• **WHAT IS EXPECTED**: Retype exactly the lines of the listing below from the one with "右,左と2人で心を合わせながらパドルを漕いでいます。" through the last, both included, and leave every picture out.

[Opening DATA SEGMENT section]

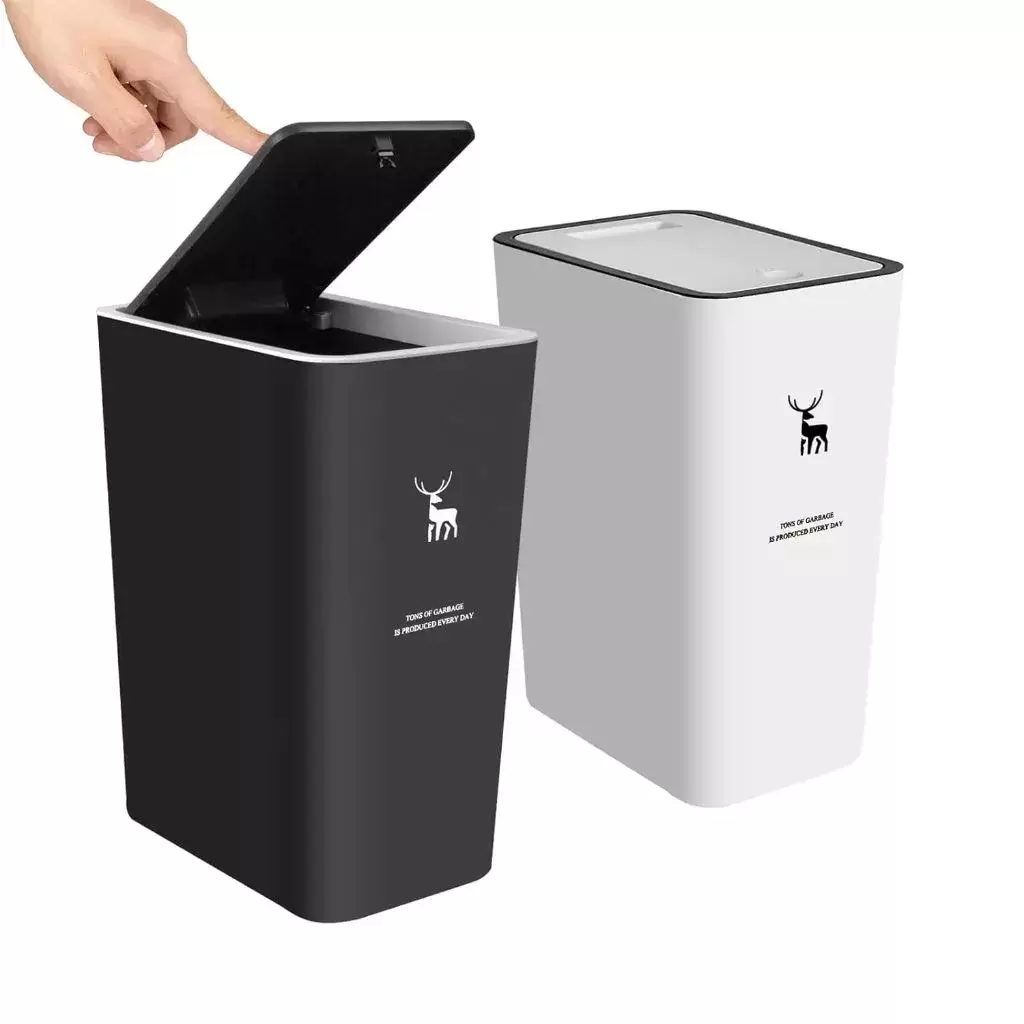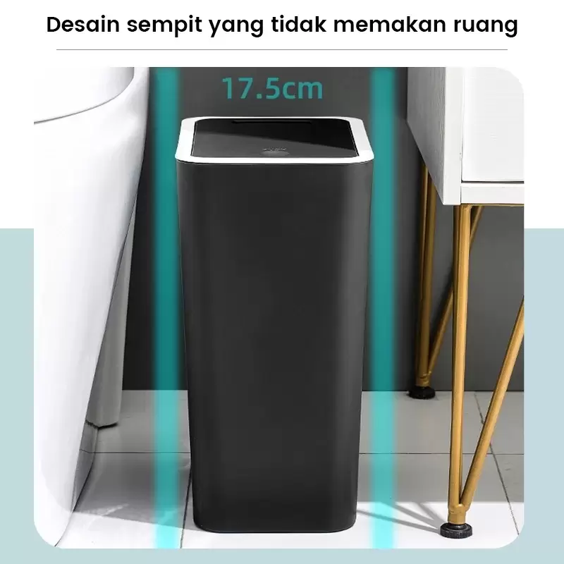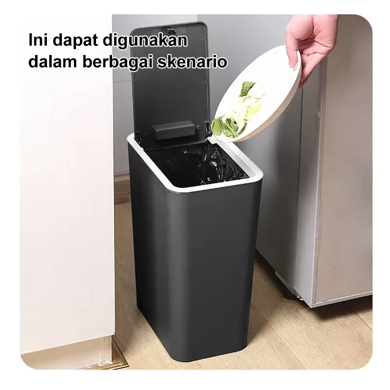 Tempat sampah plastik tertutup dengan tombol
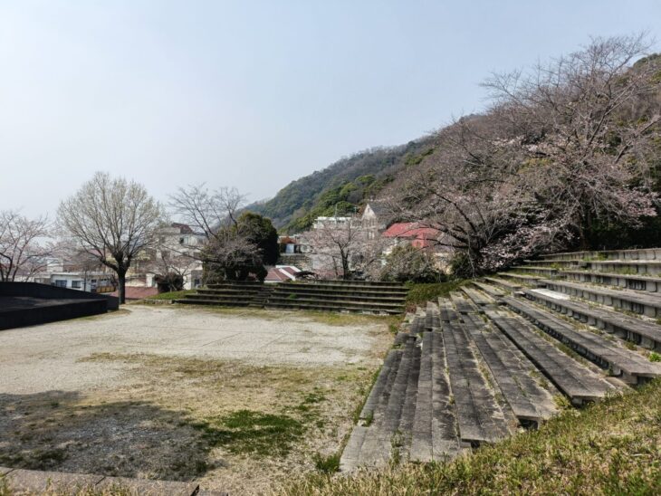 摩耶山の麓を歩いていると、とても開けた空間に出くわした。かつては演劇やフォークコンサートなど色んな催しが行われていたのだろうか。なんとなくいつまでも残って欲しい空間だった。
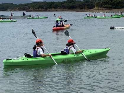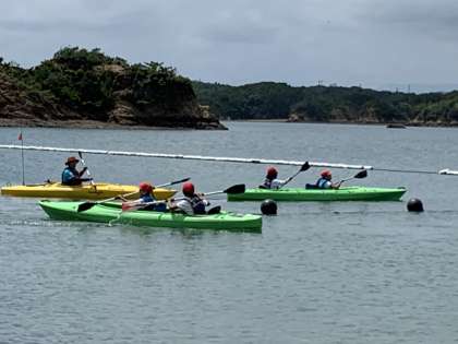 右,左と2人で心を合わせながらパドルを漕いでいます。
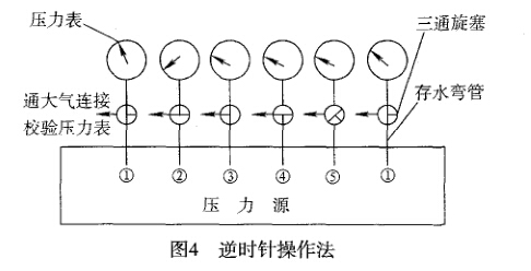 1)順時(shí)針操作法①—②旋塞向右旋90°,目的 是:沖洗存水彎管如在水壓試驗(yàn)時(shí)可裝接量程更大 的試驗(yàn)用表避免了工作壓力表的損傷;為第一操作, 此操作完成后存水彎管內(nèi)已被沖洗干凈然后才是第 二操作②—③旋塞須向右旋90°,實(shí)現(xiàn)校驗(yàn)用標(biāo)準(zhǔn)壓 力表、工作壓力表和鍋爐之間均接通的過程,目的 是:(1)校驗(yàn)壓力表;(2)可使堵塞在壓力表人口處有 污垢松動(dòng)脫落(此時(shí)存水彎管內(nèi)的壓力有少許下降, 同時(shí)產(chǎn)生輕微脈沖,造成壓力表表內(nèi)的壓力產(chǎn)生輕 微的波動(dòng)使堵塞在壓力表人處的污垢松動(dòng)脫落);當(dāng) 第三個(gè)操作③—④旋塞向右旋轉(zhuǎn)90。,目的是:(1)壓 力表指針回零位;(2)與壓力源隔絕,進(jìn)行壓力表的 卸換;(3)此時(shí)松動(dòng)脫落的污垢被壓力表內(nèi)的余壓沖 擊;第四個(gè)操作④—⑤旋塞右旋45。目的是:實(shí)現(xiàn)在 存水彎管內(nèi)凝結(jié)冷凝水,以避免高溫蒸汽損傷壓力 表;第五個(gè)操作⑤—①旋塞向右旋轉(zhuǎn)45°目的是:恢復(fù)正常。

[Closing DATA SEGMENT section]

• **REPLY**:
 右,左と2人で心を合わせながらパドルを漕いでいます。
 1)順時(shí)針操作法①—②旋塞向右旋90°,目的 是:沖洗存水彎管如在水壓試驗(yàn)時(shí)可裝接量程更大 的試驗(yàn)用表避免了工作壓力表的損傷;為第一操作, 此操作完成后存水彎管內(nèi)已被沖洗干凈然后才是第 二操作②—③旋塞須向右旋90°,實(shí)現(xiàn)校驗(yàn)用標(biāo)準(zhǔn)壓 力表、工作壓力表和鍋爐之間均接通的過程,目的 是:(1)校驗(yàn)壓力表;(2)可使堵塞在壓力表人口處有 污垢松動(dòng)脫落(此時(shí)存水彎管內(nèi)的壓力有少許下降, 同時(shí)產(chǎn)生輕微脈沖,造成壓力表表內(nèi)的壓力產(chǎn)生輕 微的波動(dòng)使堵塞在壓力表人處的污垢松動(dòng)脫落);當(dāng) 第三個(gè)操作③—④旋塞向右旋轉(zhuǎn)90。,目的是:(1)壓 力表指針回零位;(2)與壓力源隔絕,進(jìn)行壓力表的 卸換;(3)此時(shí)松動(dòng)脫落的污垢被壓力表內(nèi)的余壓沖 擊;第四個(gè)操作④—⑤旋塞右旋45。目的是:實(shí)現(xiàn)在 存水彎管內(nèi)凝結(jié)冷凝水,以避免高溫蒸汽損傷壓力 表;第五個(gè)操作⑤—①旋塞向右旋轉(zhuǎn)45°目的是:恢復(fù)正常。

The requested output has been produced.